Monday, 8 January 2018: 11:00 AM
Room 12A (ACC) (Austin, Texas)
Cloud systems significantly alter the transport of solar radiation in the atmosphere, and the methods used to calculate both photolysis and solar heating rates in global models include a wide range of approximations. The recently developed correlated-cloud overlap algorithm for photolysis rates (Cloud-J) has been combined with a spectral extension to wavelength >0.7 microns to calculate full solar heating rates (Solar-J). With Solar-J we have been able to implement three different IR extensions (RRTMG, Chou & Suarez, Grant & Grossman), embed them in the framework of the UCI Chemistry-Transport Model (CTM), and then characterize the differences for a full range of conditions (25 years of ECMWF IFS forecasts).

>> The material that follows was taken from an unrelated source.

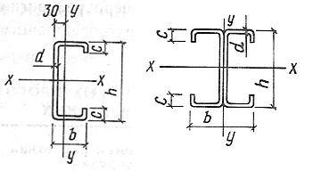Рис. 15. Сечения стальных 6-метровых прогонов покрытия
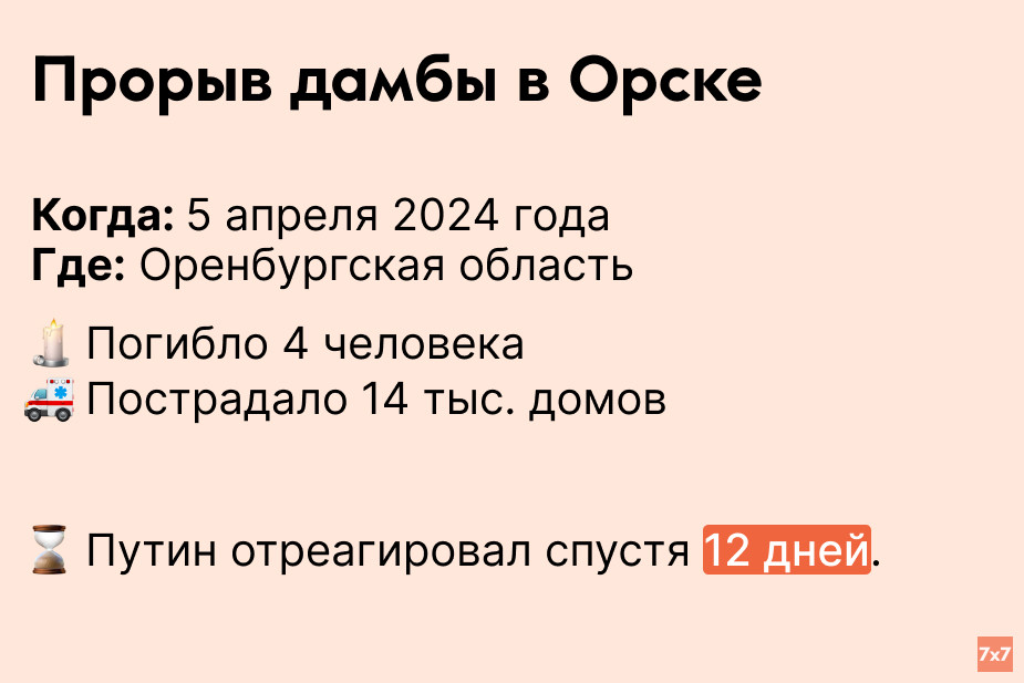 Дамба в Орске не выдержала напор воды, потому что она фактически не была дамбой, ее неправильно содержали и не ремонтировали. Путин прокомментировал потоп на совещании с кабинетом министров. Он потребовал организовать работу над оценкой ущерба “без пауз”.

Both photolysis and heating codes have traditionally focused on the cross sections for gases, but we find that the broad-band intervals optimized for gaseous absorption are a poor choice for cloud absorption, and characterize those errors. Overall, the development of Solar-J has focused on assessing uncertainties and providing a balanced set of errors in the simulated heating rates. We briefly look at some new statistics from the ATom global aircraft mission (S. Hall et al.) that can provide observational constraints on modeling of photolysis rates in real cloud fields.